-- What to produce --
Word for word, restate the lines from the one holding "FastGene® Block & Go serves" through the last line of the material below, and leave every picture out.

-- Given material --
┄┄┄┄┄┄┄┄┄┄┄┄┄┄┄┄┄┄┄┄
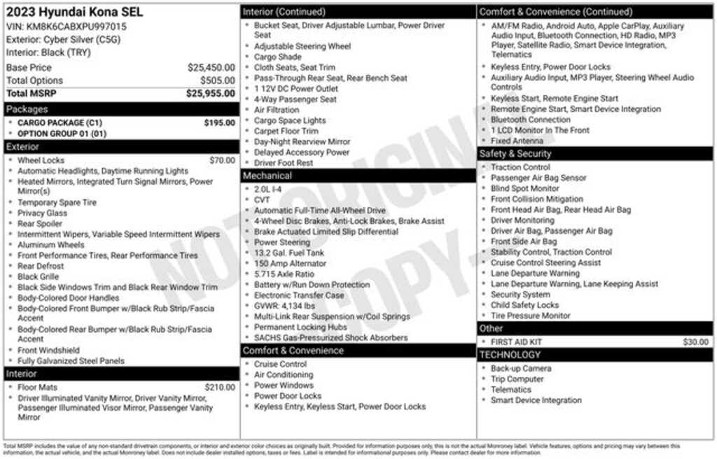 * The advertised price does not include sales tax, vehicle registration fees, other fees required by law, finance charges and any documentation charges. A negotiable administration fee, up to $115, may be added to the price of the vehicle.
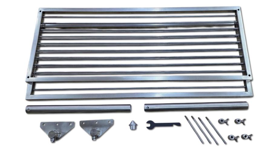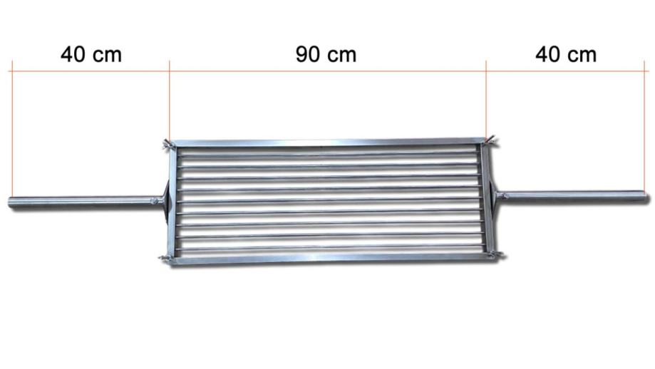 OPIS PROIZVODASPECIJALNI PROIZVOD - RAŽANJ ZA RIBU - UNIVERZAL!Kako bi ubrzali proizvodnju navedenih “Ražnjeva za ribu”, dizajnirali smo “Univerzalni” set sa elementima koji se na licu mjesta odrežu na mjeru i prilagode širini ložišta.Bočne cijevi su duljine 40 cm, vrh cijevi se umetne nakon odrezivanja - ako je rezanje potrebno. I dalje postoji opcija izrade bočnih cijevi po mjeri - uz nadoplatu od 30 eura! Uslugu izrade i prilagodbe cijevi po Vašim dimenzijama pogledajte i naručite na link: Ukoliko ste kod nas kupili komplet za ražanj, usluga prilagodbe cijevi je besplatna!Ukupna duljina ražnja = 170 cmPromjer cijevi:Vanjski promjer 32 mmUnutarnji promjer 29 mmRupa za šplentu 4 mmPaket sadrži:Rešetka gornja i donjaBočni spojni elementi Bočne cijevi duljine 40 cmOkomite šipkice za pričvršćenjeElementi za pričvršćenjeKljuč za montažu (broj 13)Aluminijska špica (vrh ražnja)Vrlo jednostavno i praktično korištenje. Mogućnost pečenja ribe, mesa, pilća i slično.
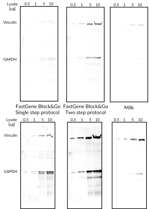 FastGene® Block & Go serves a blocking solution as well as signal enhancer in Western blot analysis. It provides blocking and primary and secondary antibody hybridization in one step. Furthermore, it enhances the signal developed with HRP (horseradish peroxidase) or AP (alkaline phosphatase) substrates. FastGene® Block & Go reduces time and labor-intensive Western bot procedure.
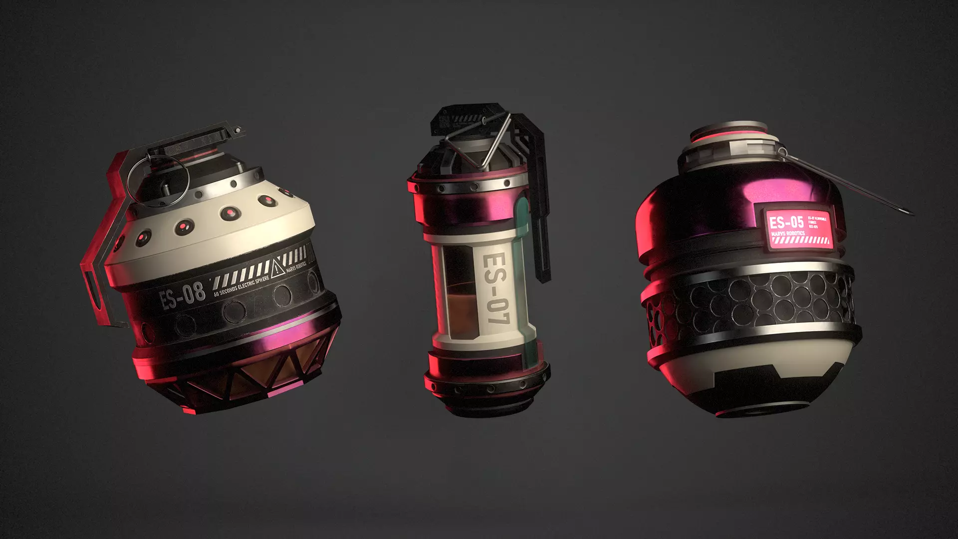 3D Models of 3x Sci-Fi Grenades, Fully Textured and Ready for Game engines and Animation Videos.Designed by @346EUR
┄┄┄┄┄┄┄┄┄┄┄┄┄┄┄┄┄┄┄┄
-- Worked solution --
 FastGene® Block & Go serves a blocking solution as well as signal enhancer in Western blot analysis. It provides blocking and primary and secondary antibody hybridization in one step. Furthermore, it enhances the signal developed with HRP (horseradish peroxidase) or AP (alkaline phosphatase) substrates. FastGene® Block & Go reduces time and labor-intensive Western bot procedure.
 3D Models of 3x Sci-Fi Grenades, Fully Textured and Ready for Game engines and Animation Videos.Designed by @346EUR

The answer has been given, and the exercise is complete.